### TO DO
Transcribe nothing except the lines below that run from the one with "A 6th-grade geography" to the one with "Natural Oak top", ends included, and do not copy any picture.

### DATA FOR THIS TASK
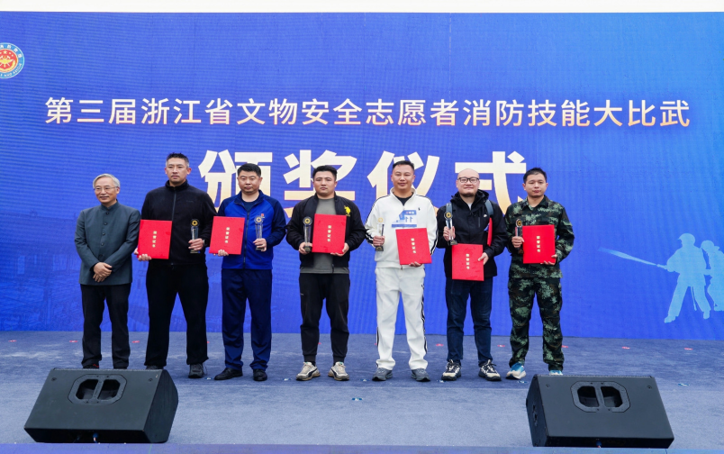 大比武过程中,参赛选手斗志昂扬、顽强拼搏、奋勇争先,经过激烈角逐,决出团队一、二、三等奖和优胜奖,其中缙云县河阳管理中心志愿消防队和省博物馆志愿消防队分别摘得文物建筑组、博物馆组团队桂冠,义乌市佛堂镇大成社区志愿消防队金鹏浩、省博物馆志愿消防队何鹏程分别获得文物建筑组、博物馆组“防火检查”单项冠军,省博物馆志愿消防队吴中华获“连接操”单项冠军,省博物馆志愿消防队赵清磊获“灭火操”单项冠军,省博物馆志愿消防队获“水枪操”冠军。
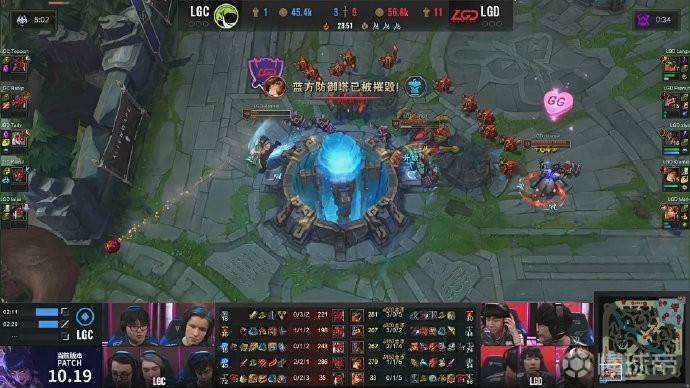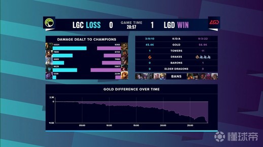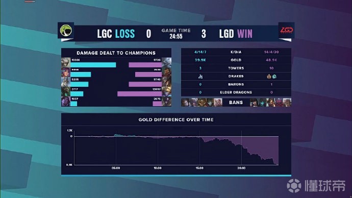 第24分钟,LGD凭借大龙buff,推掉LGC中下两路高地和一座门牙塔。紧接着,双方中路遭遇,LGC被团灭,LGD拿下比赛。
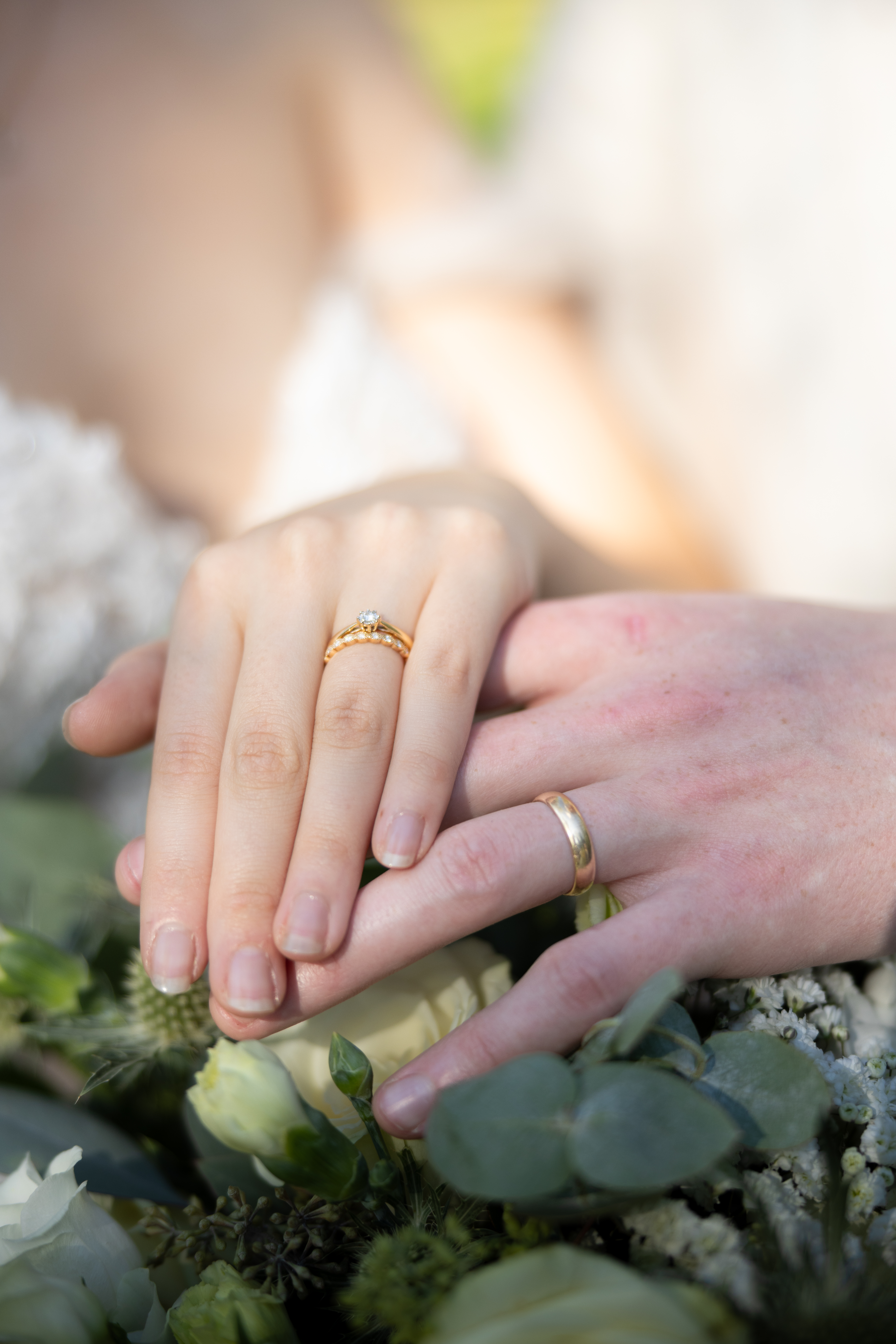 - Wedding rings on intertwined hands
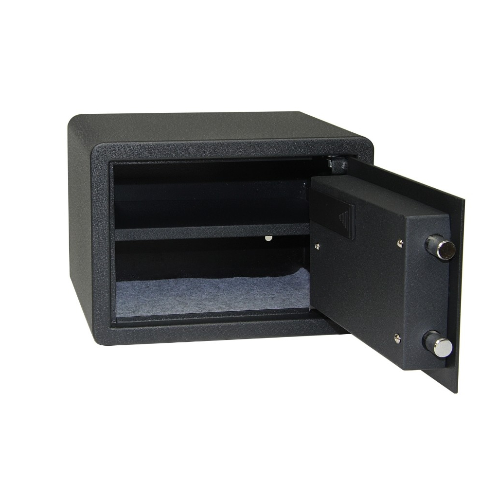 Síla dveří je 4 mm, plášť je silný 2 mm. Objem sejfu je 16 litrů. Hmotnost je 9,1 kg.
* * *
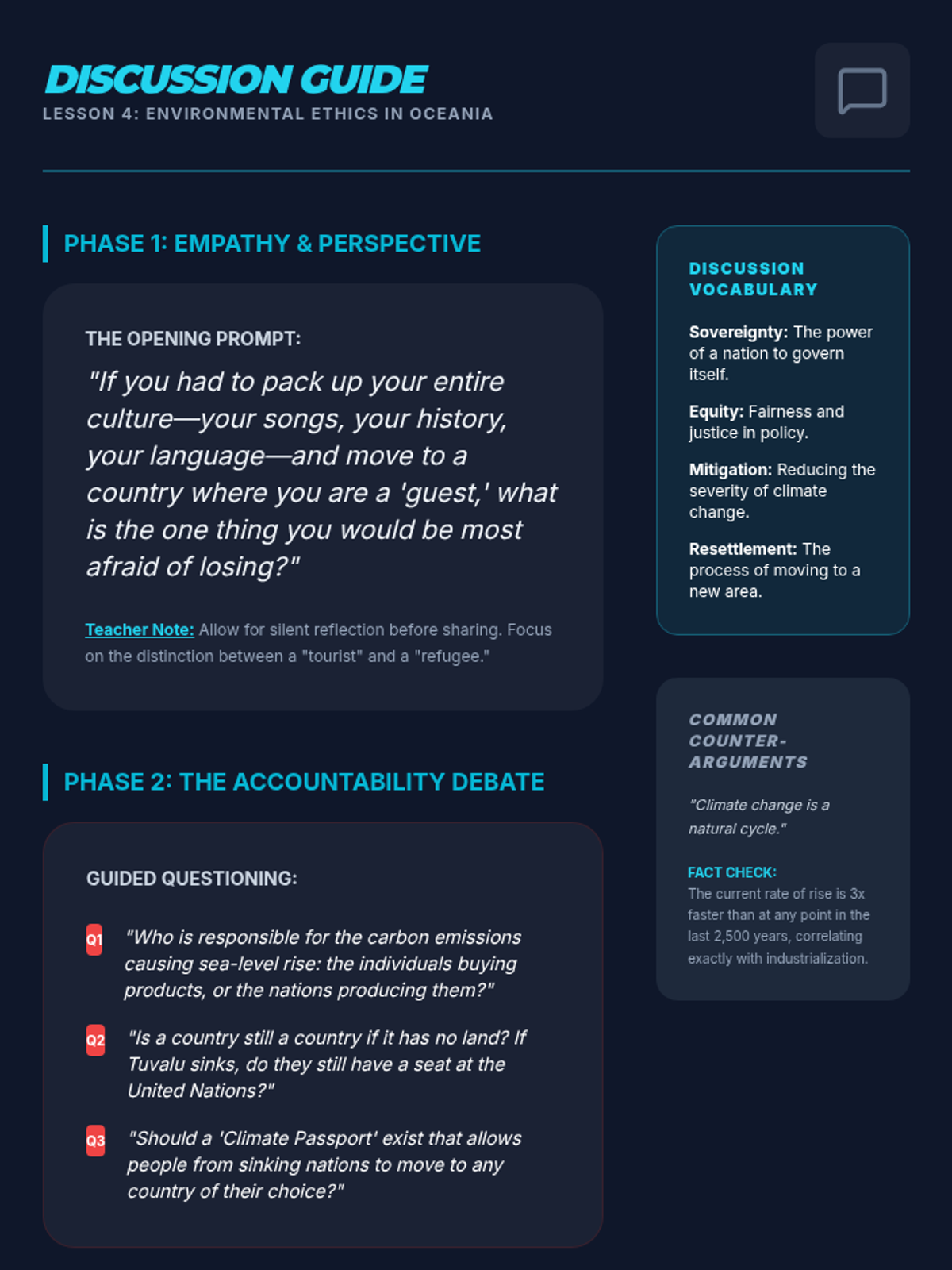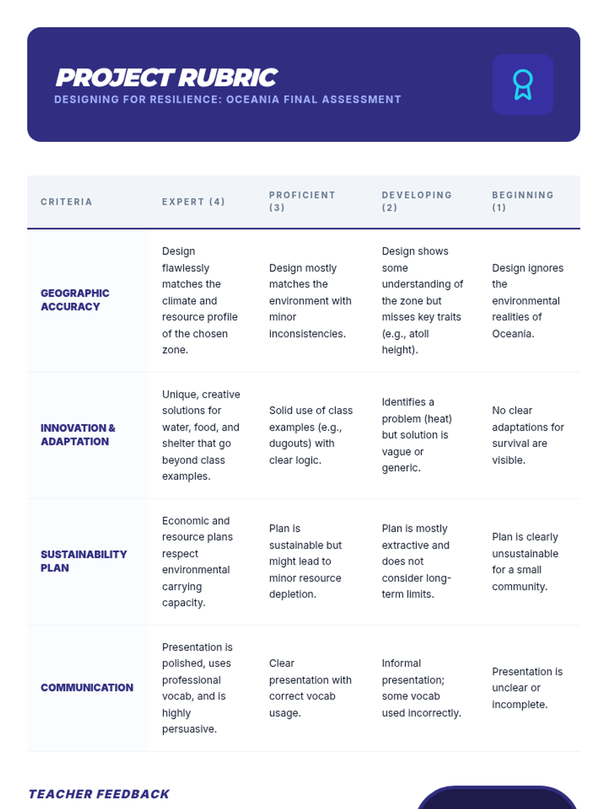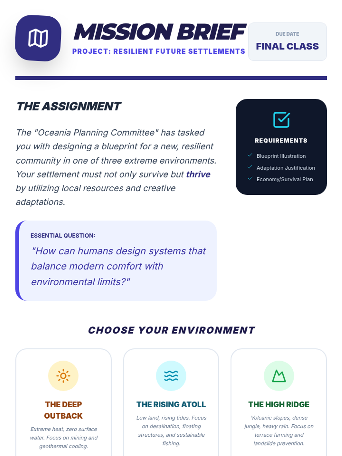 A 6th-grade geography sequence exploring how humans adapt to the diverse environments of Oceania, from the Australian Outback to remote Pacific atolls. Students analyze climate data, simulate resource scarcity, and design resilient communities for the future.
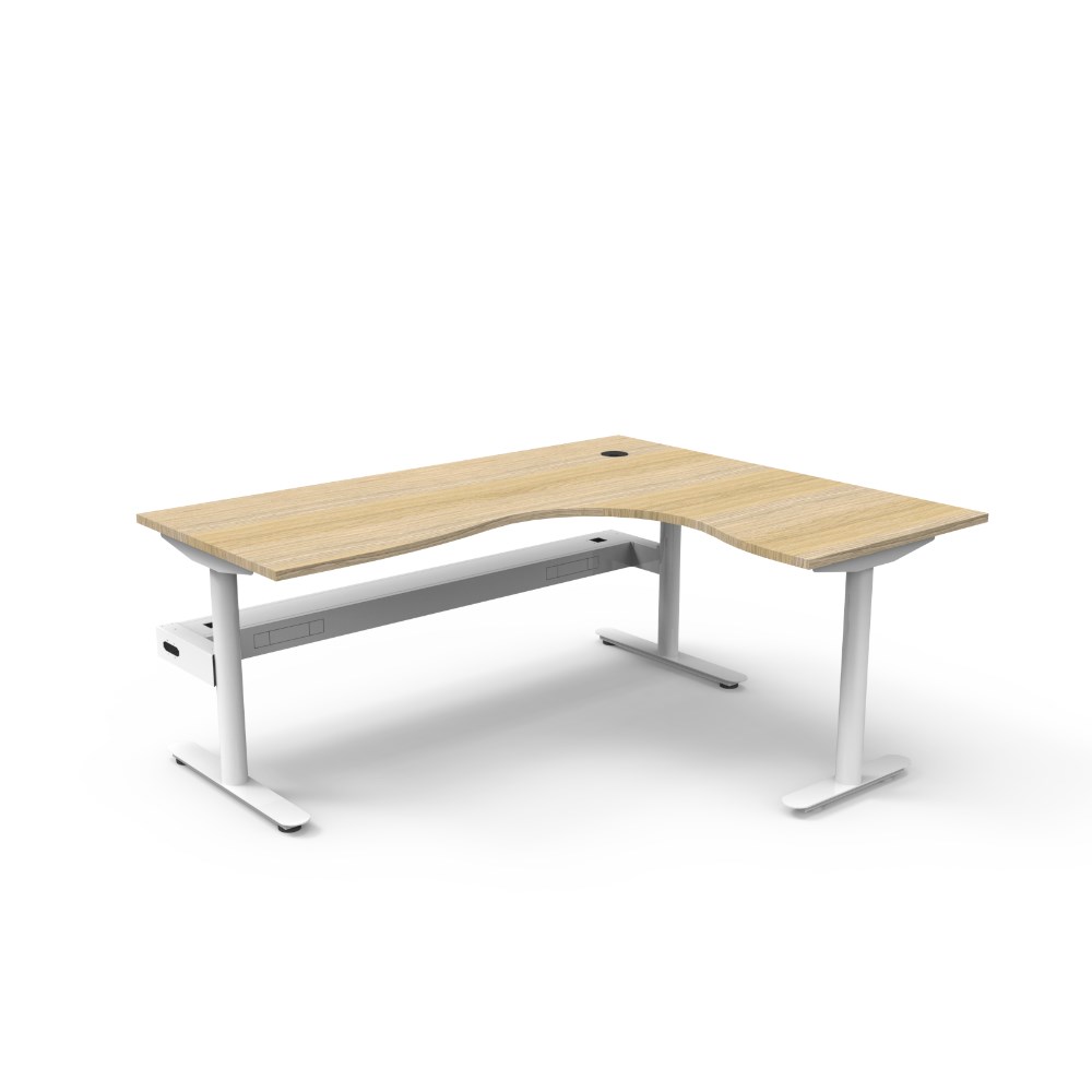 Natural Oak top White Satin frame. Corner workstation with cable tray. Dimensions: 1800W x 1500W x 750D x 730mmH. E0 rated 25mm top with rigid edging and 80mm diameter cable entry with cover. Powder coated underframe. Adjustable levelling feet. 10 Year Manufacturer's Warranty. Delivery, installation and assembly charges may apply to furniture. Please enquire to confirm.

### WRITTEN RESPONSE
 A 6th-grade geography sequence exploring how humans adapt to the diverse environments of Oceania, from the Australian Outback to remote Pacific atolls. Students analyze climate data, simulate resource scarcity, and design resilient communities for the future.
 Natural Oak top White Satin frame. Corner workstation with cable tray. Dimensions: 1800W x 1500W x 750D x 730mmH. E0 rated 25mm top with rigid edging and 80mm diameter cable entry with cover. Powder coated underframe. Adjustable levelling feet. 10 Year Manufacturer's Warranty. Delivery, installation and assembly charges may apply to furniture. Please enquire to confirm.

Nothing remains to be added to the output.